Однако Жанну теперь трудно было остановить: слишком много накипело у неё на сердце.
– Помните ли вы тот момент, – страстно крикнула она, – когда на коленях перед образом вы клялись Богу царствовать в законе, милости и правосудии? С чего же вы начали своё царствование? С крови, с жестокости, с несправедливости! Остановитесь, ваше величество, пока не поздно!
– Да ты совсем взбесилась! – крикнула Елизавета Петровна, выходя из того оцепенения, в которое её погрузил неожиданный взрыв Жанны. – Я прикажу тебя в сумасшедший дом посадить! Я тебя научу, как надлежит подданным разговаривать со своей императрицей! Или ты и впрямь ума решилась? Вообразила, что ты – не какая-то Очкасова, а Сам Господь Бог?!

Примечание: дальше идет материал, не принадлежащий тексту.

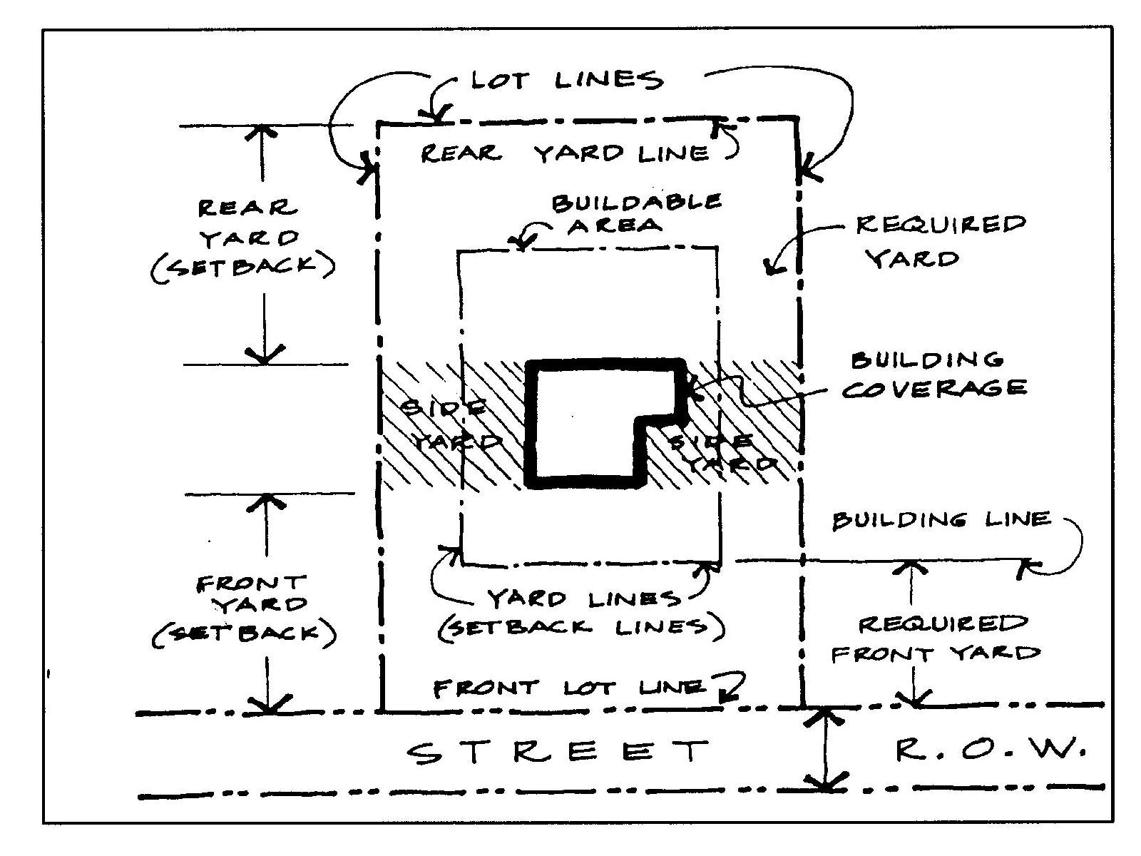 Yards, setbacks, buildable area. The required front, side, and rear yards for individual lots, as set forth for by Table III shall be measured inward toward the center of said lot from all points along the respective front, side, and rear property lines of the lot. Once the yard areas of a given lot have been established, the remaining area of the lot which is not included in any required front, side, or rear lot shall be known as the "buildable" area within which the approved structure(s) shall be placed.
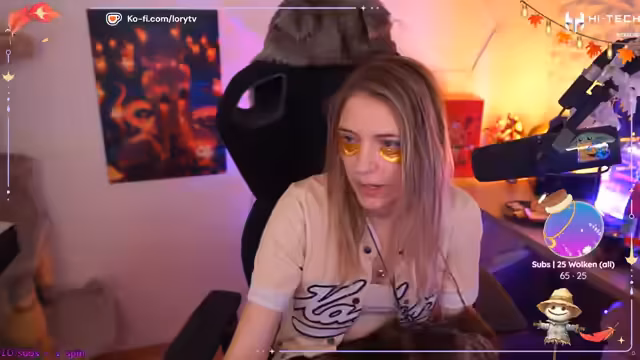 00:07:37Der Stream beginnt mit einer enthusiastischen Begrüßung der Zuschauer zu einem „wunderschönen Freitag, Feierabend, Happy Halloween oder whatever“. Die Stimmung ist ausgelassen und festlich, passend zum Halloween-Thema. Lori trägt bereits eine „extrem Horror-Maske“, die sie selbst erschreckt hat, als sie in den Spiegel blickte. Ein wiederkehrender, mysteriöser Ton im Hintergrund sorgt für zusätzliche Gruselstimmung und Verwirrung, da die Ursache, möglicherweise Chrome oder Discord-Benachrichtigungen, nicht sofort gefunden werden kann. Trotzdem ist die Vorfreude auf den Abend spürbar, und es wird angekündigt, dass einiges geplant ist, darunter ein „Baitrad“ und die gemeinsame Vorbereitung für Halloween.
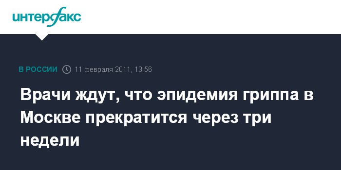 Москва. 11 февраля. INTERFAX.RU - Эпидемия гриппа и ОРВИ в столице должна закончиться в течение ближайших недель, считает главный инфекционист департамента здравоохранения столицы Николай Малышев.
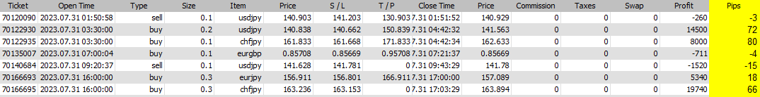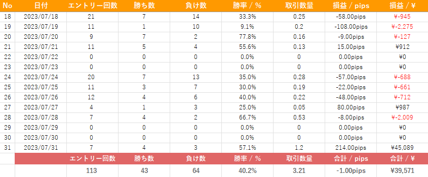 FXを始めて約10日、無知識から始めて負け越しではあるもののなんとなく理解はできてきています。日曜日に少し時間の余裕ができたため7月1日~の3通貨ペアにて検証を行いました。
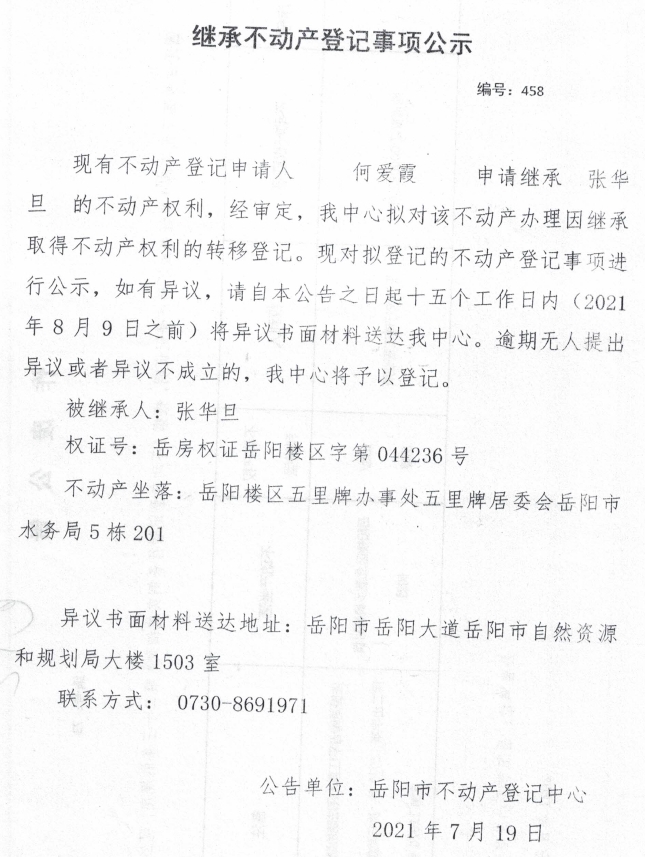 继承不动产登记公示 编号:(2021)继458(何爱霞)
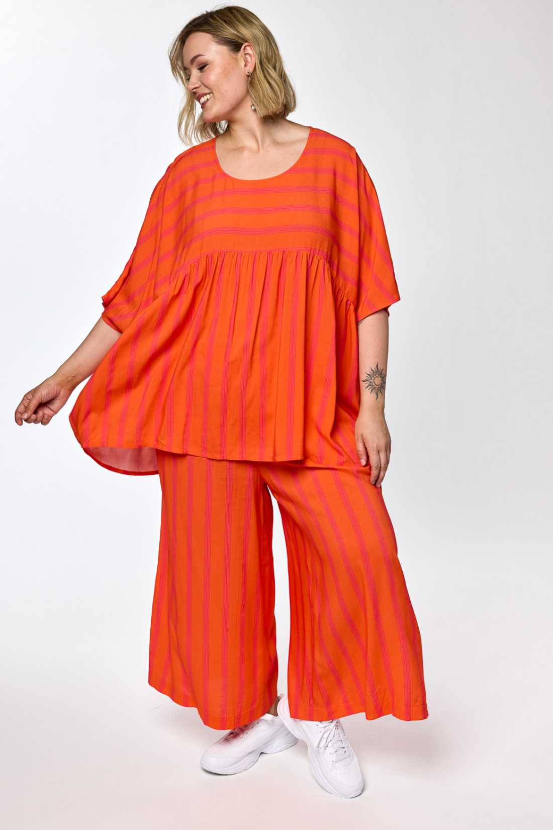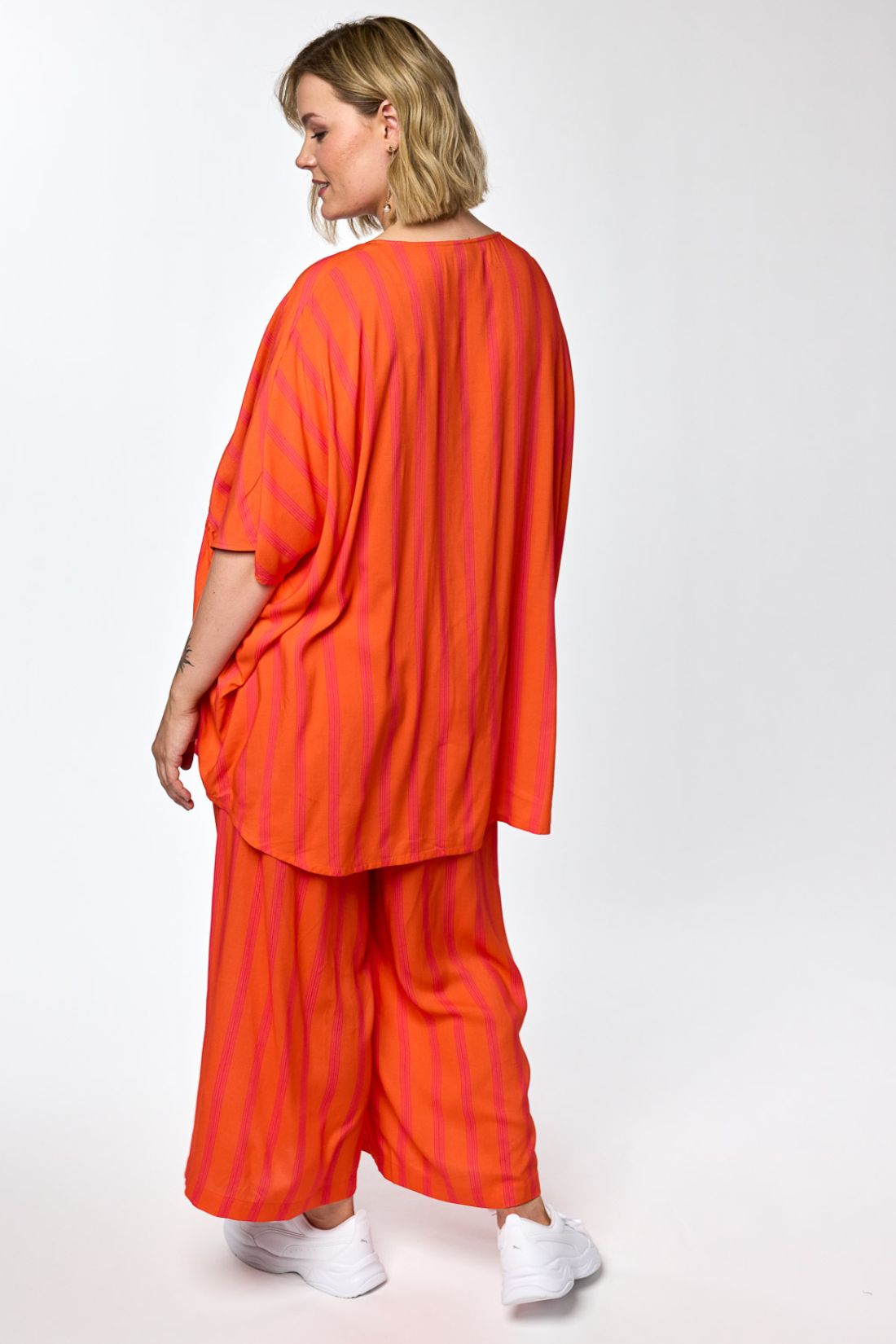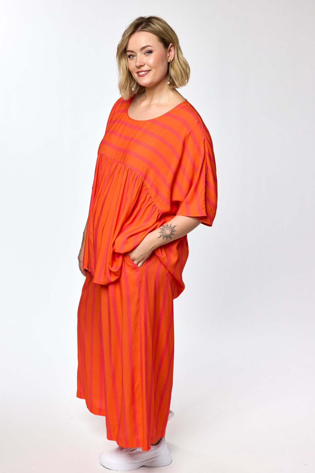 Denne smukke tunika fra Gozzip er designet i en varm orange farve med fine, diskrete striber, der giver et moderne og livligt udtryk. Tunikaen har et løst og rummeligt snit, som sikrer høj komfort og et flot fald.
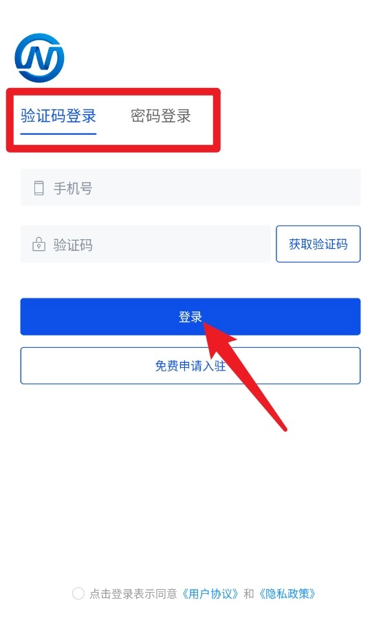 1、进入平台登录界面后,可选择验证码登录或密码登录两种方式,同时支持通过手机号进行快捷验证的操作。
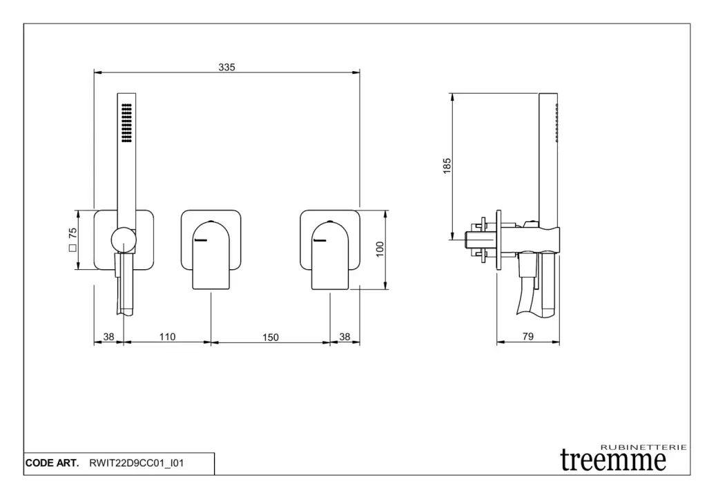 Treemme Ran Смеситель для душа встраиваемый, 2 потребителя, внешняя часть, цвет: chrome RWIT22D9CC01
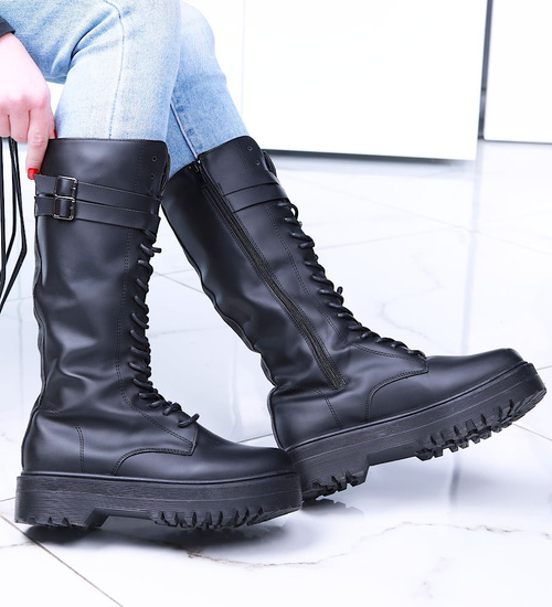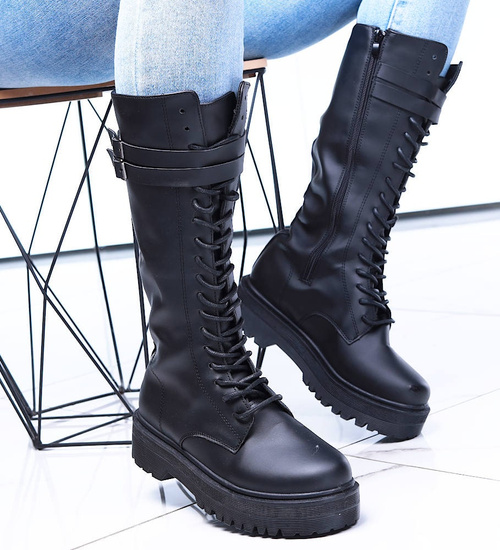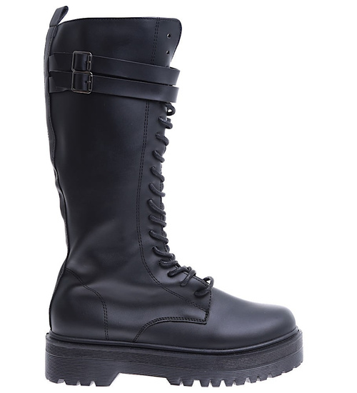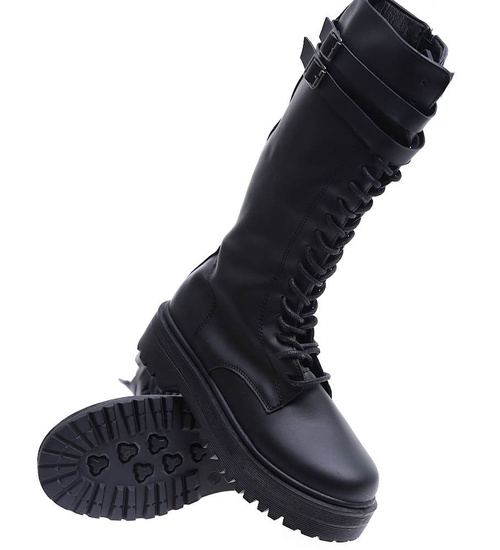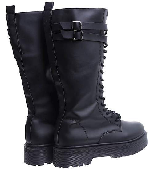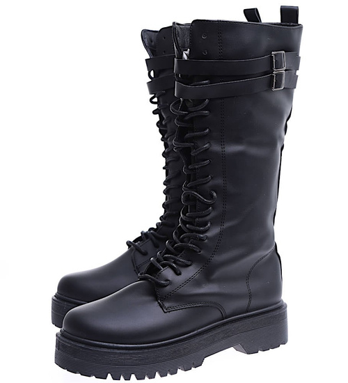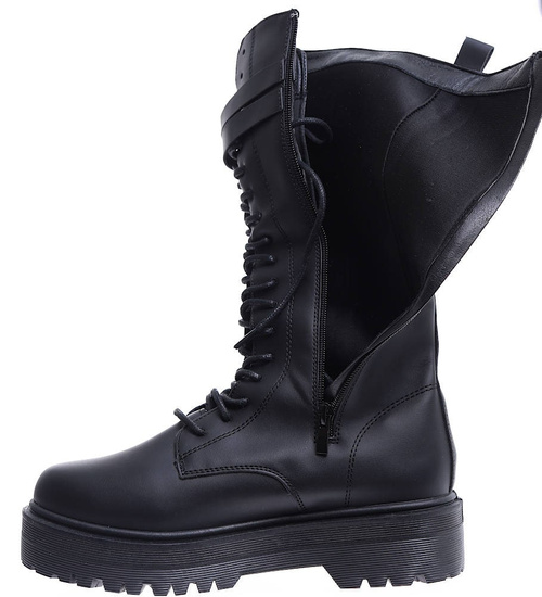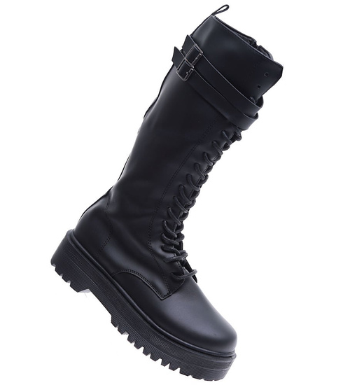 Czarne wysokie trapery glany na platformie /B1-2 15370 T485/
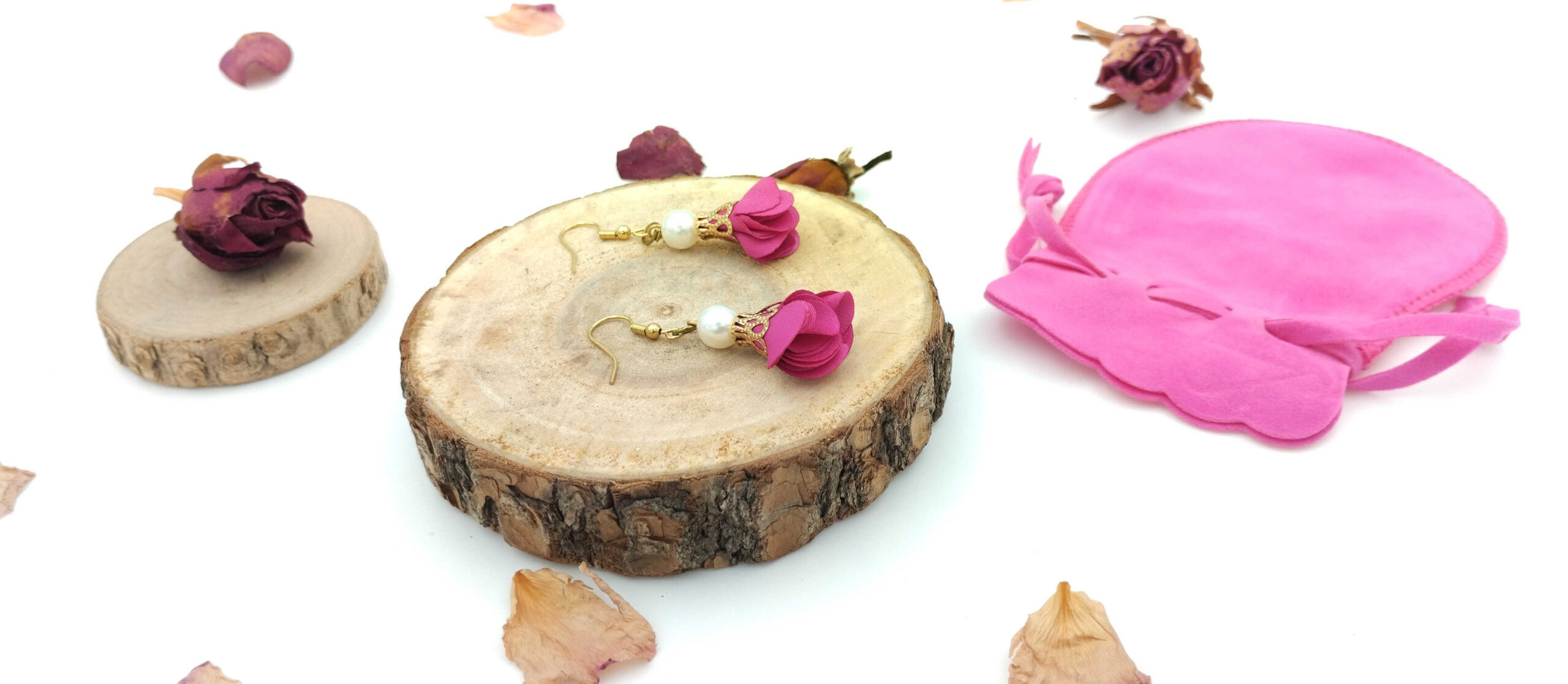 Kolczyki pakowane są w ozdobny woreczek z organzy – idealne na prezent lub jako uroczy dodatek do Twojej osobistej kolekcji.
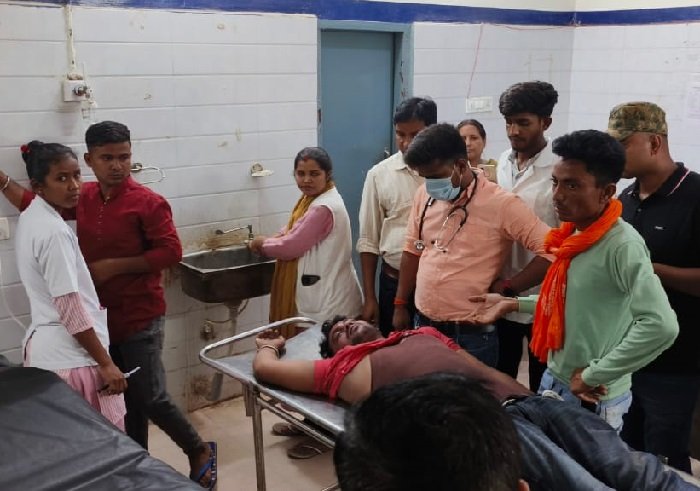 फोटो गढ़वा घटना के बाद सदर अस्पताल में लगी लोगों की भीड़
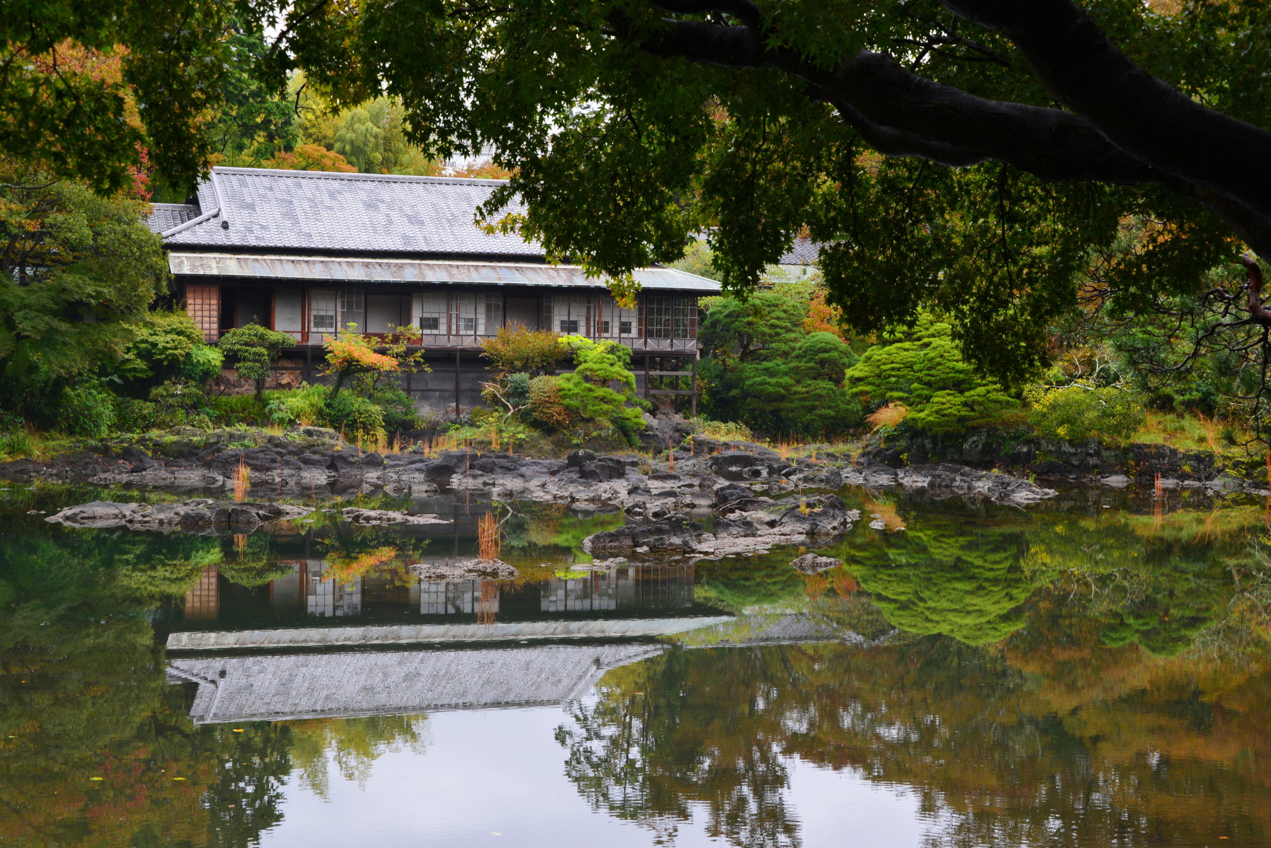 (写真は、小浜池から望む楽寿館)
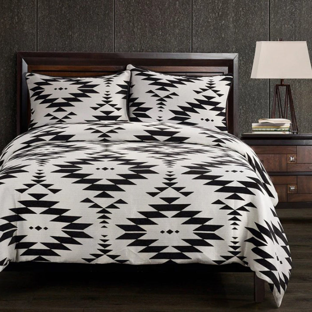 Modern monochrome combines with Aztec-inspired motifs in our Amelia Aztec Comforter Set, creating a sophisticated and balanced bedding ensemble. The symmetrical pattern draws your eyes and produces a visually stunning centerpiece for any rustic bedroom. Complete the look with Amelia's coordinating shams and pillows.
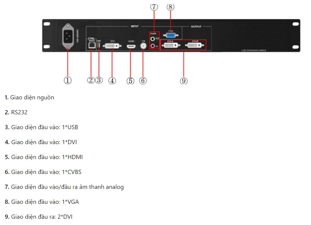 Thiết bị được trang bị 6 cổng tín hiệu đầu ra (6 x RJ45), cho phép phân chia tải trọng điểm ảnh hiệu quả, giúp màn hình hoạt động ổn định, tránh hiện tượng giật lag khi trình chiếu các nội dung chuyển động nhanh. Bên cạnh đó, với chế độ hoạt động kết hợp card thu và hỗ trợ khe cắm card phát rời, thiết bị mang lại sự linh hoạt tối đa cho kỹ thuật viên trong việc nâng cấp hoặc thay thế phần cứng.

– Я – не подданная вашего величества, – возразила Жанна, которая обрела всё своё спокойствие, – и не Очкасова. Как законная жена маркиза Анри де Суврэ, обвенчанная с ним в парижской церкви святой Екатерины, я – французская подданная и маркиза. Но я звалась своим девичьим именем потому, что не хотела забывать, что я – русская по рождению, что моя бедная родина ждёт от меня жертв и работы на её пользу. Я сделала всё, что могла, однако вы, ваше величество, доказали мне, как я ошибалась… Но к чему говорить об этом? Я теперь – француженка и на днях уезжаю на свою новую родину…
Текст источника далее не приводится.